Para quem não conhece a cidade é fácil nem saber que o Rio de Janeiro começou no que hoje é o centro e se desenvolveu primeiro em direção ao norte, assim a tal da Zona Norte hoje em dia menos exaltada que a área sul da cidade já foi, por muito tempo, o local onde se vivia bem. Ali, embora hoje não seja mais possível reconhecer essas amenidades, já foi muito aprazível. Ruas largas, bem arborizadas e inclusive em algumas áreas com muitas casas nos morros. A Tijuca dirige-se, por assim dizer, para um enorme maciço de montanhas e está em frente para o que foi a residência da família imperial e hoje é o Museu Nacional, na Quinta da Boa Vista.

Vez por outra, aparece por ali um botequim que faz sucesso. Logo um monte de gente se junta na frente e aos poucos compram as casas ao lado. Pronto, fez sucesso. Assim foi com o Aconchego Carioca, passou de um botequim feioso a um restaurante jeitoso. É comida de bar, típica do momento culinário brasileiro com releituras do velho repertório e algumas vezes fica muito gostoso como é o caso dos bolinhos de feijoada e um rissole de massa de fubá chamado no cardápio de pastel de angu.

Clique aqui para ver a foto do bolinho de feijoada.

Os bolinhos são realmente excepcionais.
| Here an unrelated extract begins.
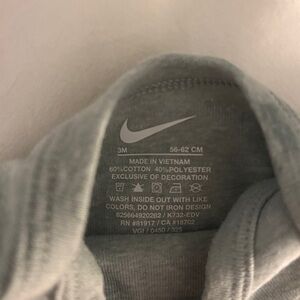 Adorable light blue/grey matching set. Nike logo. Long sleeves and pants. Some wear as pictured on logo and tiny stain on back of onesie

Primeiro pedimos os bolinhos de feijoada, o motivo de toda a fama do restaurante. Dizer que uma massa de feijão é delicada é exagero, mas é bem temperada e recheada de couve e uns pedacinhos de toucinho. Muito bom. A porção é servida com a pele do porco pururuca igual pipoca e uma batida de limão.

O segundo pedido foi um ótimo rissole preparado com fubá, bem amarelo, que no Rio chamam de angu, recheado com requeijão, uma beleza, pedacinhos de folhinhas de alecrim flutuavam no recheio quente.
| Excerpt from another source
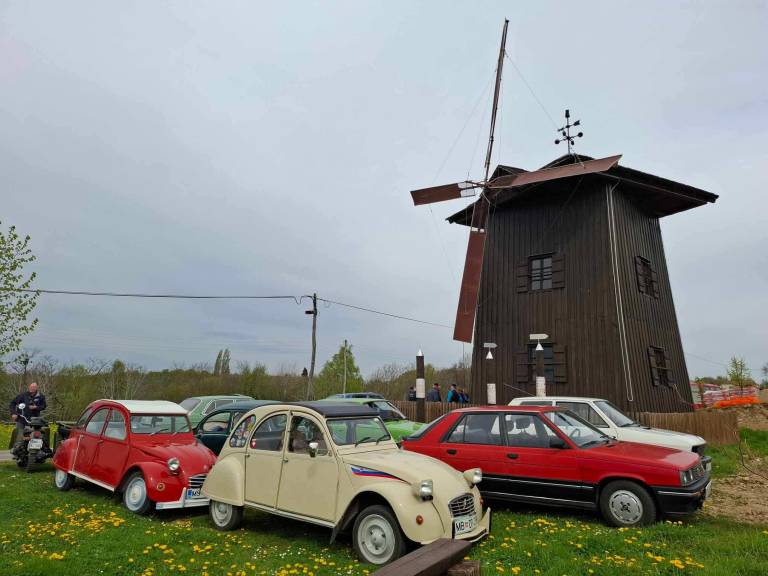 Panoramska vožnja društva Oldtimer Stara Gora po Prlekiji se je ustavila tudi ob zgodovinskem mlinu.

Clique para ver a foto do pastel de angú.

O prato que pedimos foi um escondidinho de carne seca. Não saberia dizer se foi a falta de apetite, culpa dos bolinhos de bom tamanho, ou se a maneira como que é preparado não me encantou. Os acompanhamentos estavam perfeitos, o feijão verde com tempero suave, a farofa de dendê com o perfume certo, o arroz é soltinho e com os grãos gordos.

O escondidinho como diz o nome é a carne seca desfiada coberta com um purê de aipim coberta com queijo coalho. No Aconchego Carioca, em baixo das fatias bem finas de queijo coalho tem um purê de tapioca e a carne de sol cortada fina, carne de primeira no lugar da carne seca desfiada e muito boa. A tapioca ou o purê de aipim tem coco. E também é muito boa. Mas os muitos gostos contidos em tão pouco espaço no lugar de resultar em uma explosão de sabores deixaram o prato sem personalidade. Menos exuberância pode ser boa escolha em alguns casos.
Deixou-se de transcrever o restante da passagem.